I use Axis arrows (small diameter, hidden inserts) - have been ever since they came out. They are fantastic, never lose an insert, durable, fly good in the wind, great penetration.

The bow is a 30-40# DW, 26" DL. The Easton Axis Jr. arrows are stated for bows no more than 40#. She will start out in the low 30's so the arrows should work. Thy do not list the GPI or spine for these shafts, not sure why. But, they do not come up in the Easton arrow selector.

These arrows seem like a good fit. Any thoughts? Any other suggestions for a middle of the road, light weight arrow?
TIA.


----------



## ABQ_Chica (Oct 29, 2009)

elkMania said:


> Bit the bullet: Bought a Hoyt Kobalt for my wife for Valentine's Day! :archery:
> It's a surprise, which is not the best way to buy a bow. But, if she gets into it like I am she can pick out her next bow!


That's so sweet! It might be a surprise bow, but you did your research and know what she's capable of--that's a great start. And it's sweet of you to think ahead to her next bow! 
Keep us updated on how the surprise Valentines Day goes, and have her sign up here on AT, too, if she likes to be online.

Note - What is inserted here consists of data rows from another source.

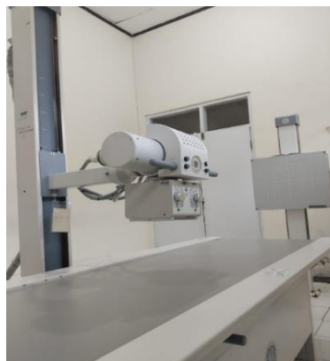
Gambar 2. Pesawat sinar X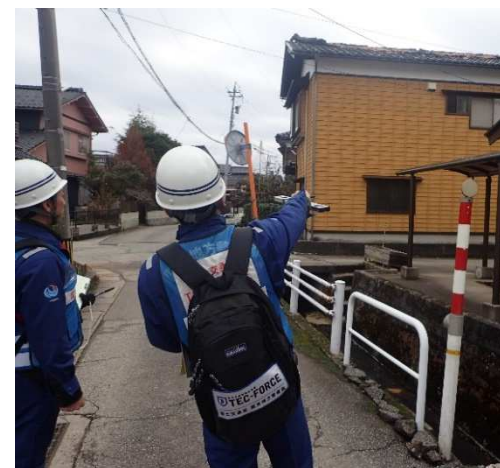
(珠洲市内での被災状況調査)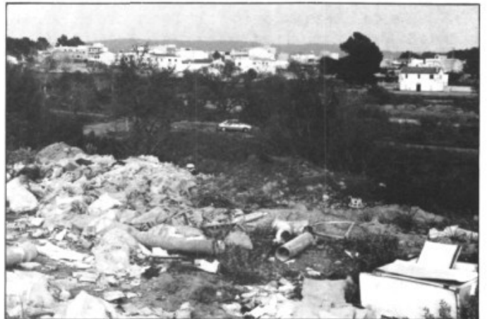
Els fers acumulats als voltants del Polígon ajuden a fer la zona més africana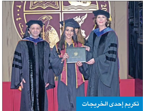
تكريم إحدى الخريجات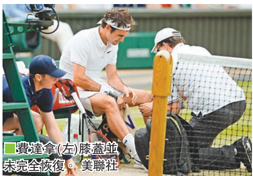
費達拿(左)膝蓋並未完全恢復。

「我非常遺憾地宣佈，我將不會代表瑞士參加里約奧運會並且我將缺席本賽季餘下的所有比賽。」17度大滿貫得主費達拿在社交媒體上說，「經過與醫生和我的團隊反覆商討之後，我作出了這個艱難的決定。在年初接受膝蓋手術之後，我需要讓我的膝蓋得到全面的休養。醫生建議我說，如果我還想健康健康地多打幾個賽季的話，我必須讓我的膝蓋和我的身體都得到徹底的恢復。」 ■新華社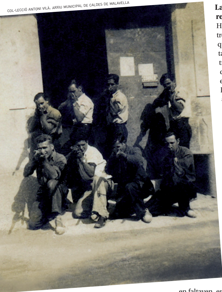
>> Milicians a Caldes de Malavella.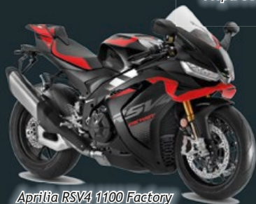
Aprilia RSV4 1100 Factory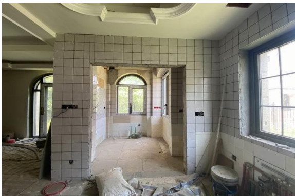
1 层室内实景 4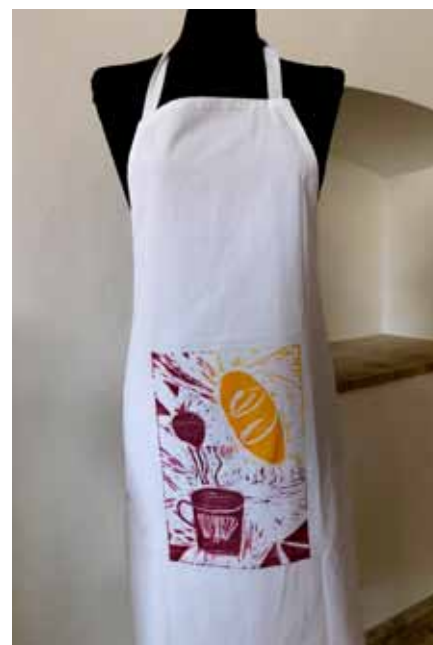
Pregača s otiskom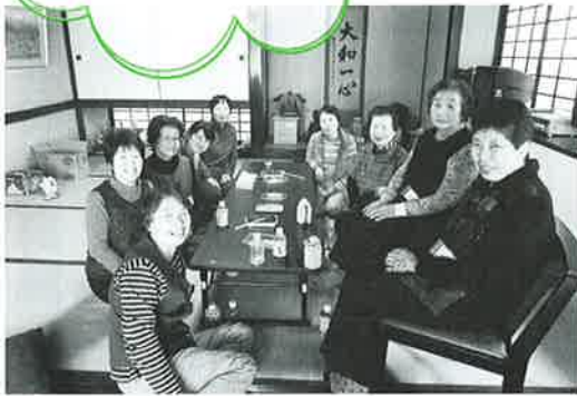
✿ 金生運動教室(仮)の皆さん ✿

「ふれあい・いきいきサロン」は、歩いて行ける地域の居場所（地域交流の場）で、同じ地域の方と出会い、おしゃべりなど楽しい時間を過ごし、そのふれあいの中から生きがいつくり・仲間づくりの輪を広げることを目指しています。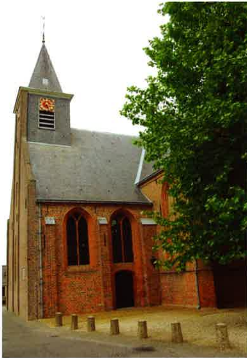
Salvatorkerk (1469) van de hervormde gemeente Lopik.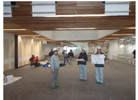
県内木材を天井に使用

As for arrows, I only have experience with Gold Tips, and used Lightnings when I first started out. They were great, but are only rated up to ~35#, so the Axis Jrs. might be better.


----------



## csvfd246 (Jan 29, 2011)

The 30-40 lbs is a great start. I broke my arm and haven't built back up the strength yet so I know what it's like to have a hard time pulling back that amount. I finally got worked up to 40 lbs but had to drop it when I has target practicing because of the repeated pull. I think her best bet is something low and then if she works up to more than 40 lbs look into a new one but I'm pretty sure the 30-40 lbs will last her a while.


----------